On June 13, 2007, Polaris Industries Inc. (the "Company") and its Austrian subsidiary entered into a second supplement (the "Second Supplement") to a Share Purchase Agreement dated December 22, 2006, which was filed as Exhibit 10.gg to the Company’s Current Report on Form 8-K dated December 22, 2006, as amended by the Supplement to Share Purchase Agreement dated February 15, 2007, which was filed as Exhibit 10.hh to the Company’s Current Report on Form 8-K dated February 20, 2007 (as amended, the "Share Purchase Agreement"). The Share Purchase Agreement provided that the Company would sell approximately 1.38 million shares of KTM Power Sports AG ("KTM") to a subsidiary of KTM’s largest shareholder, Cross Industries AG ("Cross") for a purchase price of approximately 58.5 million Euros. The terms of the Share Purchase Agreement contemplated that the sale of KTM shares would be completed in two stages with the first stage to occur on or before March 15, 2007 and the second stage to occur on or before June 15, 2007.

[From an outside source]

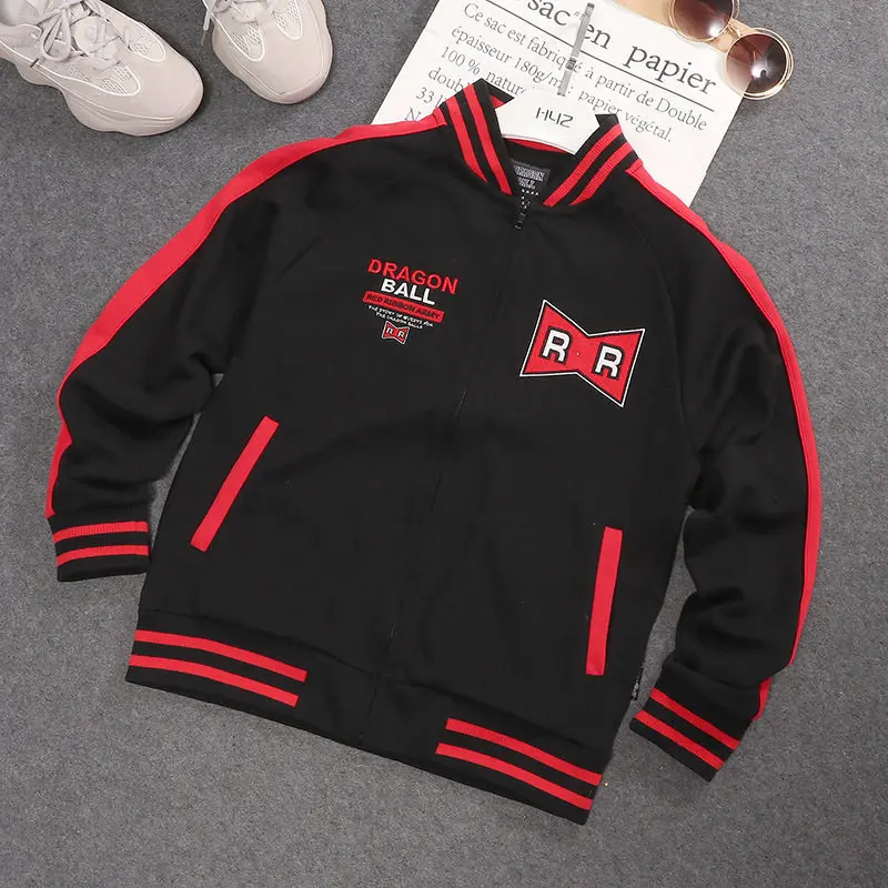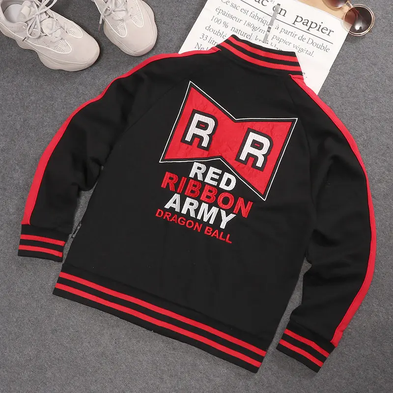 ORIGINAL Japan Anime Dragon Ball RR Baseball Jacket DBZ Red Ribbon Army Unisex Women Black Red Patchwork Jac
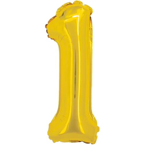Шар с клапаном (16''/41 см) Мини-цифра, 1, Золото, Металлик, 1 шт., R3171

The Supplement memorialized that the closing of the sale of 1,106,561 shares of KTM stock would take place on February 20, 2007. The Second Supplement memorialized that the closing of the sale of the remaining 272,000 shares to be purchased under the Share Purchase Agreement would take place on June 15, 2007. All other material terms and conditions of the original share purchase agreement, dated December 22, 2006, and the first supplement, dated February 20, 2007, remain in full force and effect.

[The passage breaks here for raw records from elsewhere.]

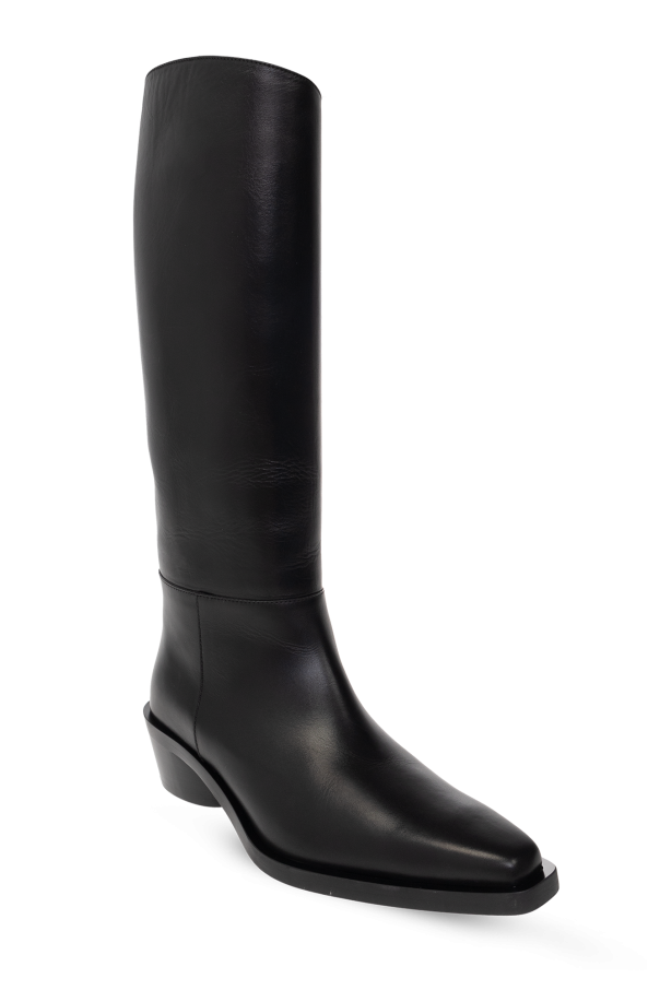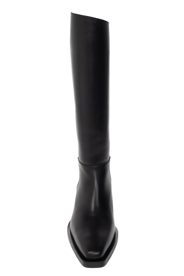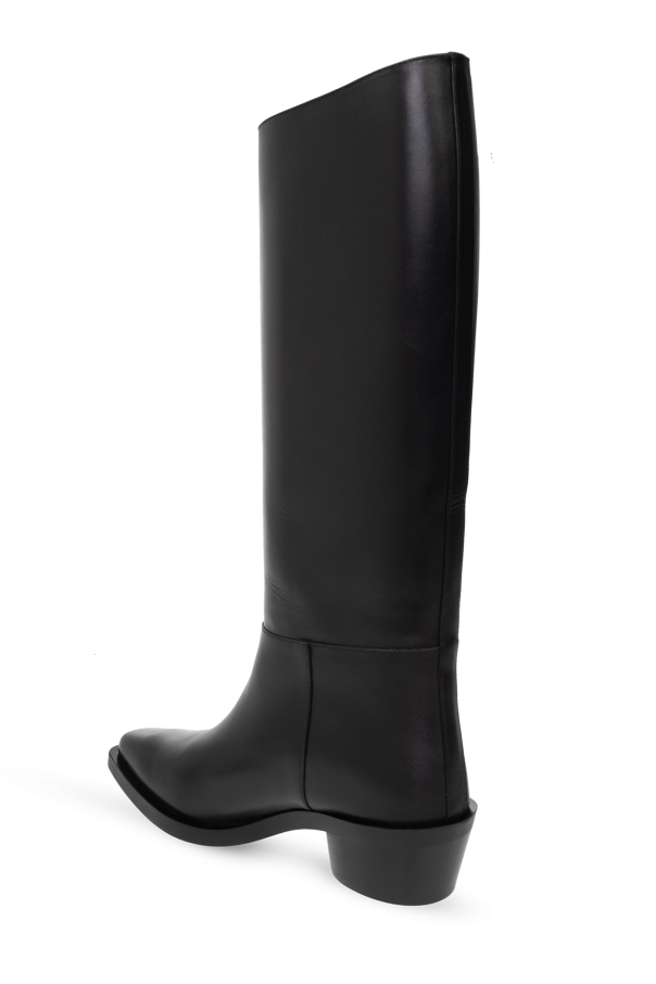 Black slip-on boots from Proenza Schouler. Made of leather, this slip-on pair features an elongated toe and black leather sole.
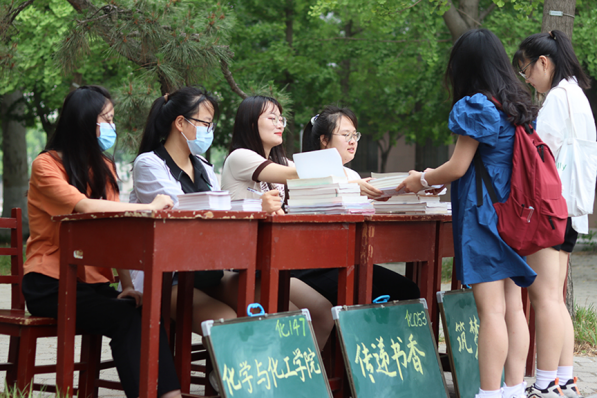 各学院同心协力,积极参与。文学院与历史文化学院在楼前携手开展捐书活动,两院领导作为捐书“代言人”现场宣传,校团委书记孔轶众来到现场嘱托毕业生,希望他们在新征程上做有梦想、做实事的好青年。活动进行时,各学院不断优化举措,合理分配。数学科学学院和化学与化工学院扩大捐书主体,分别面向毕业生和全体本科生群体,于5月22日、6月4日分两批次错时征集书籍,并结合毕业生住宿地点与时间安排,灵活安排收书的时间地点,安排“专人专班”深入宿舍,并提前借好三轮车等运送工具在宿舍楼下等候,把书籍运送到学院,提高了书本的收集率;地理与旅游学院和生命科学学院举办了“传递书香,筑梦曲园”线下捐书仪式,毕业生们将自己的课本传递给师弟师妹,并在活动KT板上签名留念。多种多样的捐书方式增强了毕业生捐书的仪式感和自豪感。
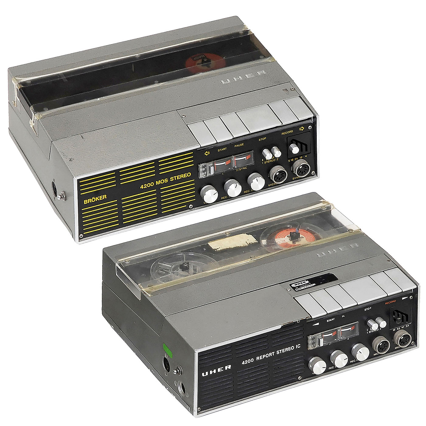 2 tape recorders: 1) Bröker 4200 MOS Stereo, modified Uher-Report model for slide or film setting, cord-tape system, with the same perforation of the tape as for the film. – And: 2) Uher 4200 Report Stereo IC. – Both devices not tested. With one power supply and 2 original Uher leather bags.
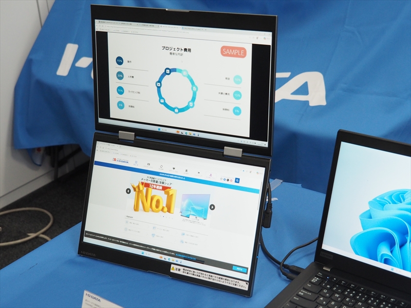 アイ・オー・データ、約490gの軽量モデルや14インチ2画面モデルの参考出展など、最新モバイルディスプレイをお披露目

The foregoing description of the terms of the Second Supplement is qualified in its entirety by reference to the Second Supplement, which is attached to this Current Report on Form 8-K as Exhibit 10.ii.

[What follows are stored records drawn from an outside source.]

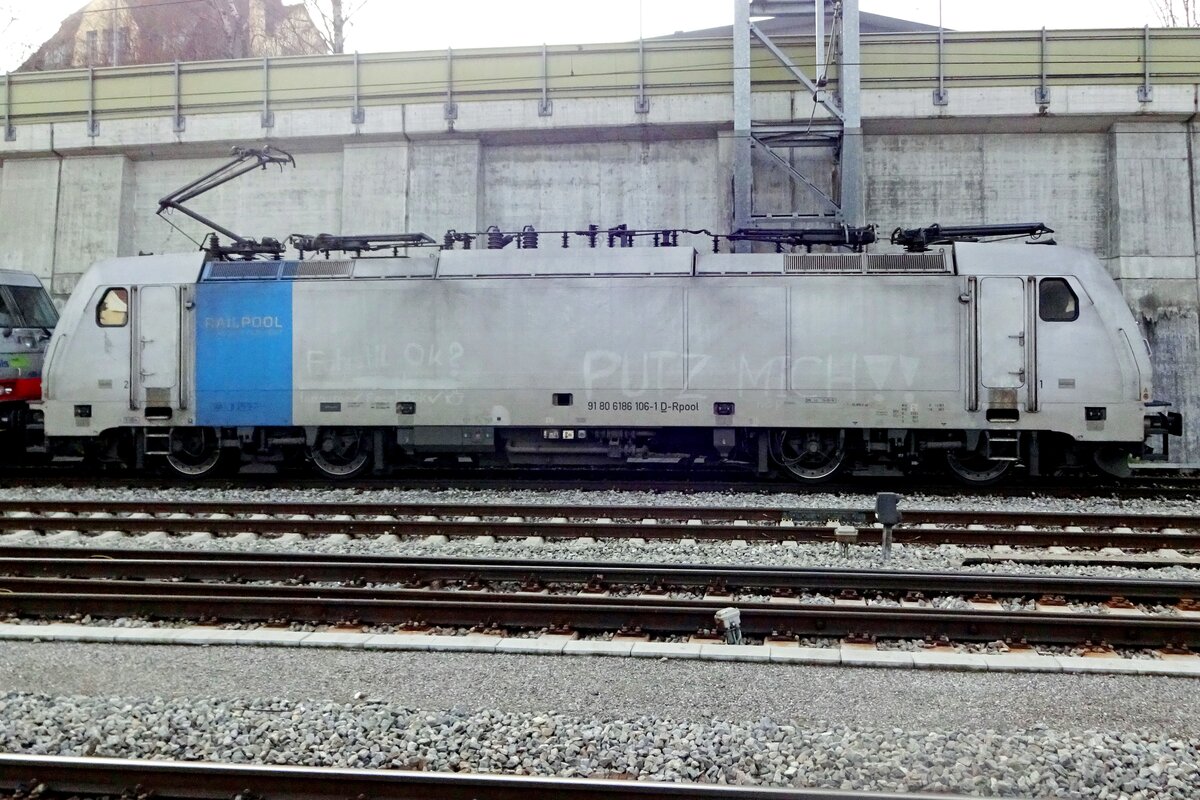 Zwei Crossrail-Traxx 2E in Tecknau, eine Maschine im Macquarie-Anstrich und die zweite mit Crossrail-Logo versehen, ziehen einen LKW-Walter-Zug richtung Basel. Juli 2016.
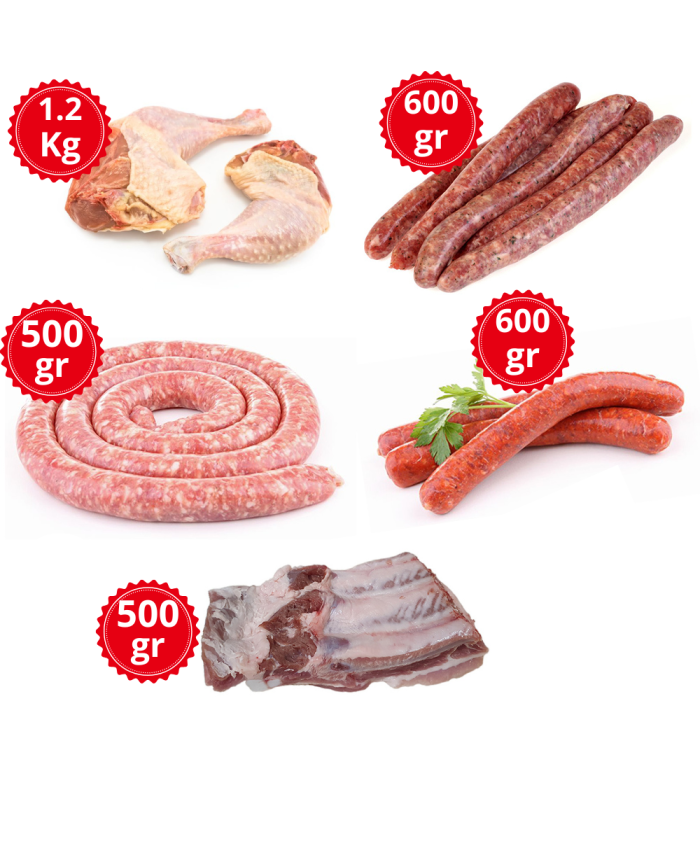 Poids total de l'assortiment de viandes à griller : 3,4 kg - Convient pour 6 à 8 personnes
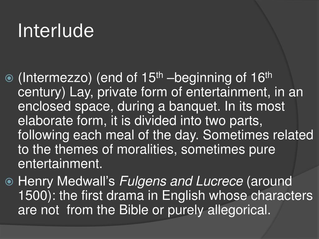 Interlude • (Intermezzo) (end of 15th –beginning of 16th century) Lay, private form of entertainment, in an enclosed space, during a banquet. In its most elaborate form, it is divided into two parts, following each meal of the day. Sometimes related to the themes of moralities, sometimes pure entertainment. • Henry Medwall’s Fulgens and Lucrece (around 1500): the first drama in English whose characters are not from the Bible or purely allegorical.

Item 7.01 Regulation FD Disclosure.

On June 15, 2007, the Company issued a news release announcing that its Austrian subsidiary had completed the second and final closing of its sale of shares of KTM to a subsidiary of Cross, under the terms of the Share Purchase Agreement. Approximately 0.27 million shares were delivered at a purchase price of approximately 11.5 million Euros. Polaris now holds approximately 0.34 million KTM shares, representing slightly less than 5 percent of KTM’s outstanding shares. Polaris intends to utilize the proceeds generated from the second closing to reduce the outstanding balance of its revolving credit facility.

A copy of the press release is attached as Exhibit 99.1 to this Current Report on Form 8-K.

The information contained in this report is furnished and not deemed to be filed for purposes of Section 18 of the Securities and Exchange Act of 1934, as amended, or otherwise subject to the liabilities of that section. The information in this Current Report shall not be incorporated by reference into any filing or other document pursuant to the Securities Act of 1933, as amended, except as shall be expressly set forth by specific reference in such filing or document.





Item 9.01 Financial Statements and Exhibits.

(c) Exhibits.

10.ii Second Supplement to Share Purchase Agreement dated June 13, 2007 by and between Polaris Industries Inc., Polaris Austria GmbH, CROSS Industries AG and CROSS Automotive GmbH.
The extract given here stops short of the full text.